Status: 01/26/2022 12:58 p.m
Before the Holocaust Memorial Day, the Central Council of Jews is pushing for unabated legal prosecution of Nazi crimes. At the same time, he complains about a “frightening level of anti-Semitism” and calls for concrete action to be taken against it.
On Thursday, the liberation of surviving prisoners in Auschwitz and the Nazi victims will be remembered internationally. One day before Holocaust Remembrance Day, the Central Council of Jews called for the legal investigation of Nazi crimes to continue. Even after a long time, such court hearings are not only important for the victims and their descendants, said Central Council President Josef Schuster of the “Neue Osnabrücker Zeitung”.
“Processes like this show our society what people are capable of. They show where hate speech against minorities can lead.”
Josef Schuster, President of the Central Council of Jews, Schuster, warns that the legal investigation of the Nazi crimes should be pushed further.
“Frightening levels of anti-Semitism”
In a published statement, the Central Council also called for resolute action to be taken against Jew hatred. 77 years after the end of the Shoah, “an alarming level of anti-Semitism” can be observed in Germany, the association said.

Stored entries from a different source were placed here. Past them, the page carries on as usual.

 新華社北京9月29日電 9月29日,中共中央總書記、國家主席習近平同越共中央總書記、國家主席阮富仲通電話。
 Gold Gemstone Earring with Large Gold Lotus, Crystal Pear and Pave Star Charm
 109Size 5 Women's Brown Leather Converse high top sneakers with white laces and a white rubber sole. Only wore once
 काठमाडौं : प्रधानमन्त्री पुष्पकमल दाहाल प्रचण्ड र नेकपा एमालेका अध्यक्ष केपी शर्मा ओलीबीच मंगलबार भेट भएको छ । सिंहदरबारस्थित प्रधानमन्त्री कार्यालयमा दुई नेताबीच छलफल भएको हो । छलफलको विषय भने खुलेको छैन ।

“Much more effort and a self-critical examination of one’s own attitude” are needed in the judiciary, in universities and schools, in culture as well as in the police and armed forces.
In its Berlin statement, the Central Council called for the Democracy Promotion Act to be introduced quickly in order to strengthen commitment against anti-Semitism. In addition, officers against Jew hatred should be appointed to the public prosecutor’s offices in all federal states. Federal states and universities would have to implement an amended judges’ law that provides for compulsory courses on Nazi injustice in legal training. Teacher training must also be reformed accordingly. A stronger fight against Israel-related anti-Semitism is also necessary.

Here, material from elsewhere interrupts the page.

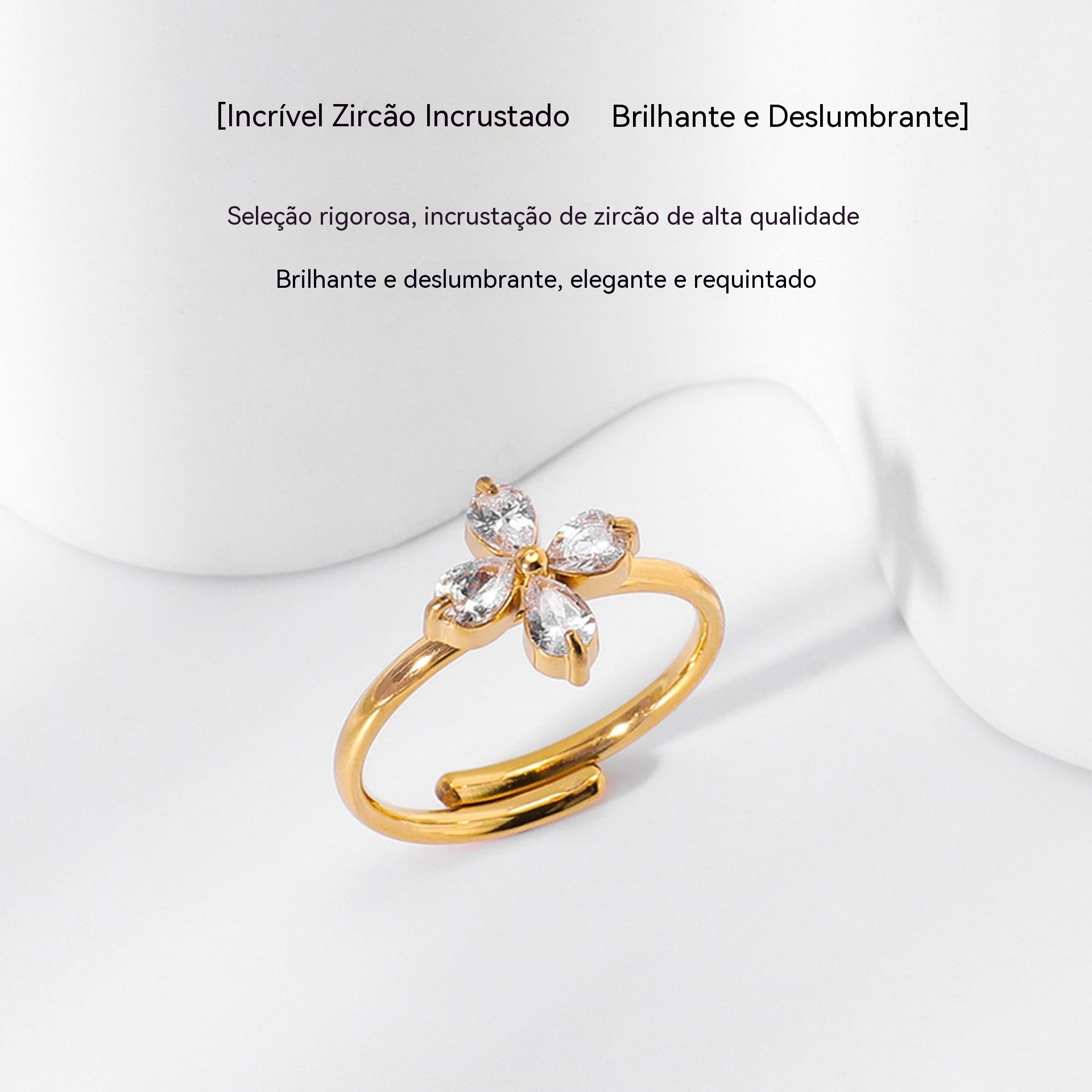- Anel: Modelo aberto ajustável para todos os tamanhos de dedo. O design de flor com zircônia é discreto e brilhante, perfeito para usar sozinho ou com outros anéis.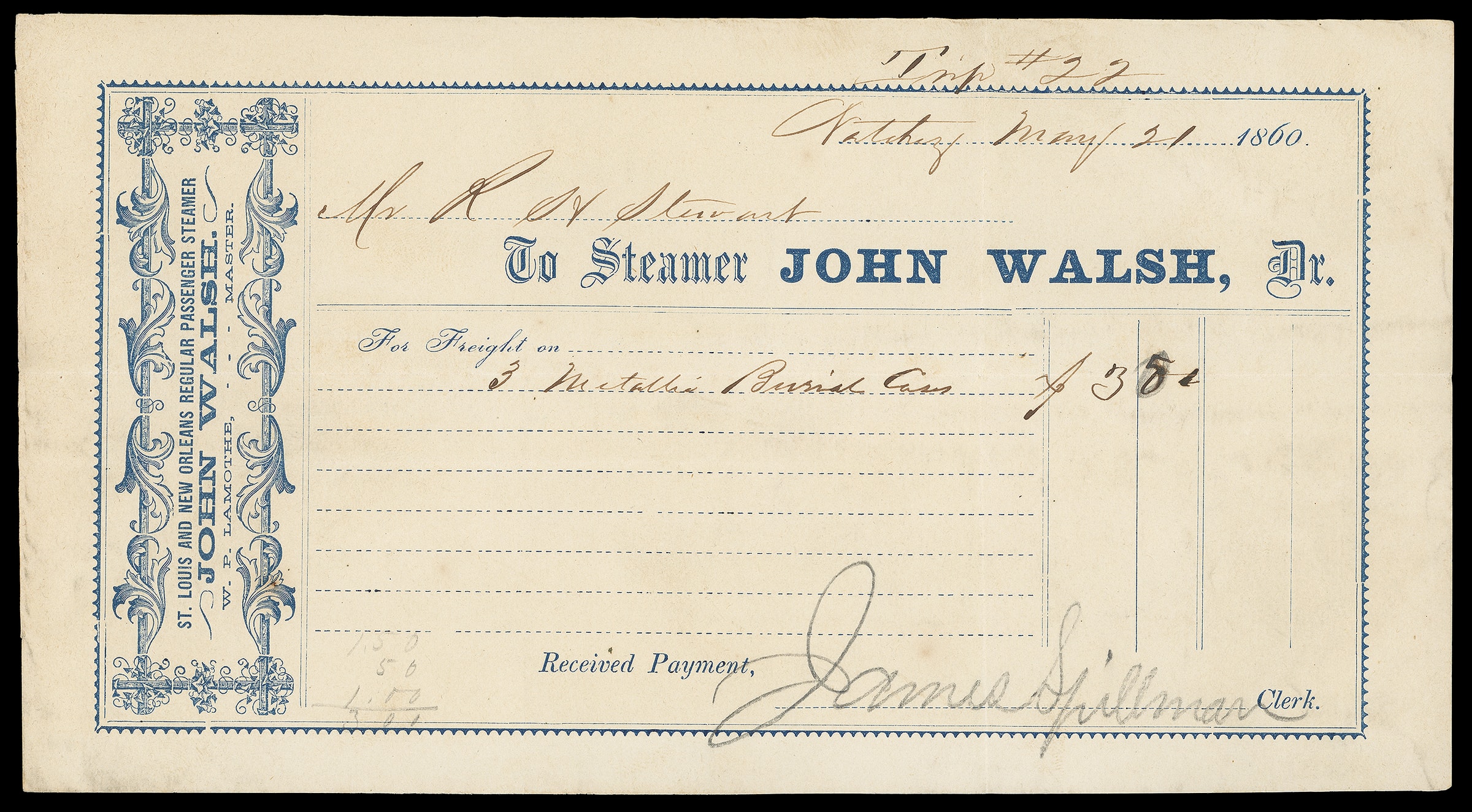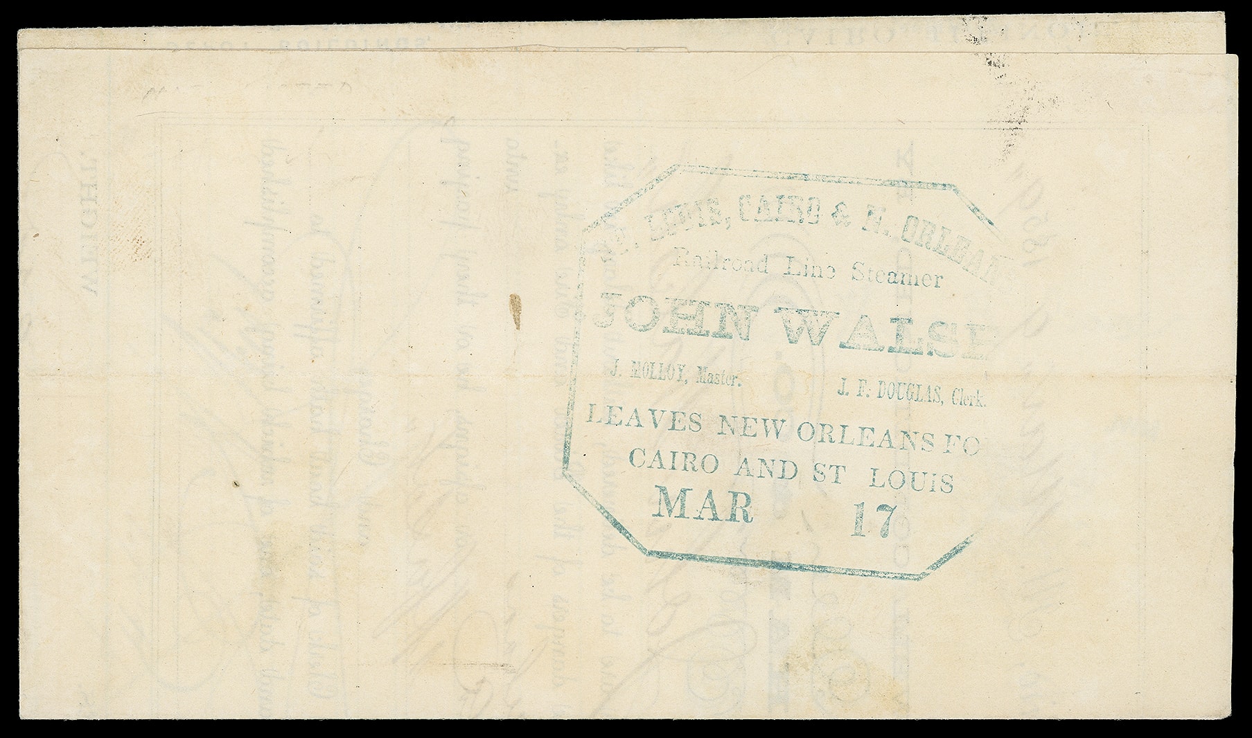 Line Steamer "John Walsh" (Mississippi River). Large blue octagonal handstamp on reverse of folded printed and illustrated 1859 Bill of Lading from Forwarding Merchants in Cairo, Ill. addressed to New Orleans La., entered mails with black "New

Minister of State for Culture Claudia Roth (Greens) announced that she would further develop the federal memorial site concept and strengthen educational work. And: “An important task will be to keep the memory of the crimes in Europe alive, to make them more visible throughout Europe and to anchor them in the collective memory.”
Steinmeier’s visit to the Sachsenhausen concentration camp memorial
On the day before the commemoration, Federal President Frank-Walter Steinmeier visited the Sachsenhausen concentration camp memorial in Brandenburg and laid a wreath for the victims of National Socialism. He was accompanied, among others, by Brandenburg’s Prime Minister Dietmar Woidke.
Between 1936 and 1945, more than 200,000 people were imprisoned in the Sachsenhausen concentration camp, including political opponents of the Nazi regime, Jews, Sinti and Roma, homosexuals, prisoners of war and other Nazi victims. Tens of thousands of them were murdered in the concentration camp or died in other ways. From August 1945 to 1950, the site was used by the Soviet Military Administration (SMAD) as a so-called “special camp”.
On January 27, 1945, the Nazi death camp at Auschwitz was liberated by the Red Army. In 1996, January 27 was declared a national day of remembrance in Germany. January 27 has also been International Holocaust Remembrance Day since 2005.
Pope: Must never forget
Pope Francis also made a statement in the run-up to the Holocaust Remembrance Day and warned: This murder must never be forgotten and this “incredible cruelty” must never be repeated. At the general audience in the Vatican, the 85-year-old called on everyone, especially teachers and families, to tell future generations about these horrors. “So that a future can be built in which human dignity is no longer trampled underfoot,” said Francis.
“Stand up against hatred and fanaticism”
UN Secretary-General António Guterres warned in a service at the Park East Synagogue in New York on the occasion of Holocaust Remembrance Day that people around the world “must stand up against hate and bigotry everywhere”.
He was shocked to learn recently that just under half of the world’s adults had heard of the Shoah. The lack of knowledge among the younger generation “is even worse,” Guterres said at the event. “Our response to ignorance must be education. Governments everywhere have a responsibility to teach about the horrors of the Holocaust.”
Hour of remembrance in the Bundestag and EU Parliament
On the occasion of Holocaust Remembrance Day, a memorial service for the victims of National Socialism is traditionally held in the Bundestag in Berlin on Thursday. This year, Holocaust survivor Inge Auerbacher will hold the central speech. According to the Bundestag administration, Israel’s parliament speaker Mickey Levy will also speak at the event. A survivor also spoke in front of the EU Parliament on Thursday: Margot Friedländer, who recently turned 100 years old.
On that day, more than 100 memorial sites in Germany want to draw attention to their work with a special campaign. Under the motto #LightsAgainstDarkness, numerous local sites of remembrance will be illuminated after dark.